# help with labels



## MikeW (Mar 16, 2009)

Help!
I am a new winemaker and have just started bottling a few kits. I want to have a really top quality finished product. Not only quality in taste but quality in appearance.Please help with advice on quality labels that i can make andsoftware program.Also inkjet or laser?
Mike


----------



## Wade E (Mar 16, 2009)

I make pretty good labels with an inkjet but laser is the way to go, just a little to pricey for me. Photoshop is the best program for doing this but is expensive and hard to figure out IMO, I bought a digital camara and it came with Microsoft Picture It 2000 which is very easy to use and does a great job. Here is a free online program you can play around with that works pretty good and you can save the labels to your computer when done. This site was brought to our attention from Joan, 1 of our resident label pros with awards to prove it! Dont know why it isnt a link but copy and paste it into your browser.

http://sumopaint.com/web/


----------



## rgecaprock (Mar 17, 2009)

*MikeW.*


*Welcome to the Forum. I have always used PrintShop. It is very easy and not expensive. I'm sure there are more updated versions than the one I have but it works for me. I have made so many labels. I browse images from the internet, sometimes I use Art.com or All posters.com and look by subject, save them, then insert them into my labels. I've used digital pictures I have taken too. Laser is the way to go. Professional quality prints. Sometimes I spray the labels with polyurethene and it gives them a nice sheen. Good luck. There are lots of programs out there. Bottled White Zin this weekend.*


*Have fun..............Ramona*


----------



## cb_Sadie (Mar 17, 2009)

Ramona, I have been looking at some of the label that you make and I think they are great. You are very talented. I have never used a program like print shop or any of them. I checked out sumopaint.com but I did not have a clue what to do. I need to get a program with a book. Itall seems very complicated to me. At least for right now.

Cyndy


----------



## ASAI (Mar 17, 2009)

Ramona-Nice label, you do such a great job.
A long time ago, You, (I believe), posted more specific info on the polyurethene spray. Would you please update again, for the Craft Impaired



. I think you gave a actual name before. When you use and when not. I have overprinted some factory, (WE) labels and noticed a smear tendency for about a day.

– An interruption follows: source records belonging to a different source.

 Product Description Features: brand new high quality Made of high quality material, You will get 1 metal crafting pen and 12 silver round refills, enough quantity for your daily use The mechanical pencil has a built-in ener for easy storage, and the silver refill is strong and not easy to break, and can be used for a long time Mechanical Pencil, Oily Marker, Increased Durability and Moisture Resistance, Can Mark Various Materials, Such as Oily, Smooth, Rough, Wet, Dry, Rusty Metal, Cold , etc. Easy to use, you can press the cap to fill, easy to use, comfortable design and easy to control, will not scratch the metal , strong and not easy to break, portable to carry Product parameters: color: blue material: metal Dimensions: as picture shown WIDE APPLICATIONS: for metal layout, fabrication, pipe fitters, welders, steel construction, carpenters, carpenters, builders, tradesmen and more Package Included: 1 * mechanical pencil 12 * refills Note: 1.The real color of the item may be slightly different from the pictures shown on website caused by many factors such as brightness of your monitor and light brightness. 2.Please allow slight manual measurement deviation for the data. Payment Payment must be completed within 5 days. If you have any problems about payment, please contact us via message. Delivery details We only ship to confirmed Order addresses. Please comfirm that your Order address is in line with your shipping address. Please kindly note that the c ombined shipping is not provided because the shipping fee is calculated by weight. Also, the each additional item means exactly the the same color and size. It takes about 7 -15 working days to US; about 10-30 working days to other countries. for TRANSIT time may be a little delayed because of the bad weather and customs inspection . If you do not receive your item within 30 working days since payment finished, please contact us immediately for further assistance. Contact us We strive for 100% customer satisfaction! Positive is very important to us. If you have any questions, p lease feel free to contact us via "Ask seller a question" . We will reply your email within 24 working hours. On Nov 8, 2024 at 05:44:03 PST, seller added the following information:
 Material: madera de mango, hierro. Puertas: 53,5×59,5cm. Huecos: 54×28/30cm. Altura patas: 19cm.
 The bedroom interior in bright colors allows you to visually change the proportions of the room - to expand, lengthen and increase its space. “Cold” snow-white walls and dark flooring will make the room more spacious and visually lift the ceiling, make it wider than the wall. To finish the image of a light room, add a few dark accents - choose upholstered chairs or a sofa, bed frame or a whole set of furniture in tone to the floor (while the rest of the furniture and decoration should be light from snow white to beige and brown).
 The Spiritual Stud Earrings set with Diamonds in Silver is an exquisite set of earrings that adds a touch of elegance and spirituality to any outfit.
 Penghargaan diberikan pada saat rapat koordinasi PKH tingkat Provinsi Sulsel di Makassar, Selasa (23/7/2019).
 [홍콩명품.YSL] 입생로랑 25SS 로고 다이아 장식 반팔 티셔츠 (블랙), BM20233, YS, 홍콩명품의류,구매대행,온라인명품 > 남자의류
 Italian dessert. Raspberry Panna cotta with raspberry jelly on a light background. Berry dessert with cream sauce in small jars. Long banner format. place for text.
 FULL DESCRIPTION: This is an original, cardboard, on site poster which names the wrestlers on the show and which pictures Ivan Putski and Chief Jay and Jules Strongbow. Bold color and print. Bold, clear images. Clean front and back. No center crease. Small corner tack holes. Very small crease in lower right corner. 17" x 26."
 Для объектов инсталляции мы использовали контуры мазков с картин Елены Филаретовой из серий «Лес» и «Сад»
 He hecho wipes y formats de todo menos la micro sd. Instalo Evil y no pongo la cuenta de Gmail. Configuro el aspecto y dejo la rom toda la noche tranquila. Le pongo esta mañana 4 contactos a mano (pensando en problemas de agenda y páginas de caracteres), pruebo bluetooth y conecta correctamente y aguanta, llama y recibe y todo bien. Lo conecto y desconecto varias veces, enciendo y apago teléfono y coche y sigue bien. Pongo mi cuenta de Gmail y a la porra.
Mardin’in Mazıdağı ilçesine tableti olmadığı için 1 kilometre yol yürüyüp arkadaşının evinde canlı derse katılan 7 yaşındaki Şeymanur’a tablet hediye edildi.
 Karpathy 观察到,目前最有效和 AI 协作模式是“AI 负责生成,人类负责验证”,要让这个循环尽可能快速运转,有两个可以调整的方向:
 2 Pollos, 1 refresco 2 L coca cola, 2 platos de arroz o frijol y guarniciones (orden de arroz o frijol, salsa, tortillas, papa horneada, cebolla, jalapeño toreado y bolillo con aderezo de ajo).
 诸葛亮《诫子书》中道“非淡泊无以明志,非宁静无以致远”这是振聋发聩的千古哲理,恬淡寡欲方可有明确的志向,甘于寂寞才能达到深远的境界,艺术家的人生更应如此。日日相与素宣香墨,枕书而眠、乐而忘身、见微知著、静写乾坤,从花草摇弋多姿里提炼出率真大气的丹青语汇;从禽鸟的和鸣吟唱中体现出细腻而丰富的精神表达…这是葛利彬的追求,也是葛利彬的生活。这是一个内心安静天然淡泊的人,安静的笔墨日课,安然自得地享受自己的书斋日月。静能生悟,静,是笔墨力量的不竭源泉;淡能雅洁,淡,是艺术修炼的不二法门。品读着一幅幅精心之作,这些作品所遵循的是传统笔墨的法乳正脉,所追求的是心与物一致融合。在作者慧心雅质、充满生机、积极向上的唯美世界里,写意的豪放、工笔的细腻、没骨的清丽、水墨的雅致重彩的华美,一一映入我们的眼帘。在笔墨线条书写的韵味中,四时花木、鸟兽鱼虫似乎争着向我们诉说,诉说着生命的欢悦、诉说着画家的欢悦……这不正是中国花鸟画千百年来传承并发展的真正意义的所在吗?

Do you spray before on the bottle or after? How long to let it dry? ETC?


----------



## Tom (Mar 17, 2009)

I also use Print Shop. After I print ONE sheet I take it to Staples. Just get reg color copies. The ink will not run. Cut them out and use a glue stick to adhear them to the bottle. Real easy to remove.


----------



## ASAI (Mar 17, 2009)

tepe said:


> I also use Print Shop. After I print ONE sheet I take it to Staples. Just get reg color copies. The ink will not run. Cut them out and use a glue stick to adhear them to the bottle. Real easy to remove.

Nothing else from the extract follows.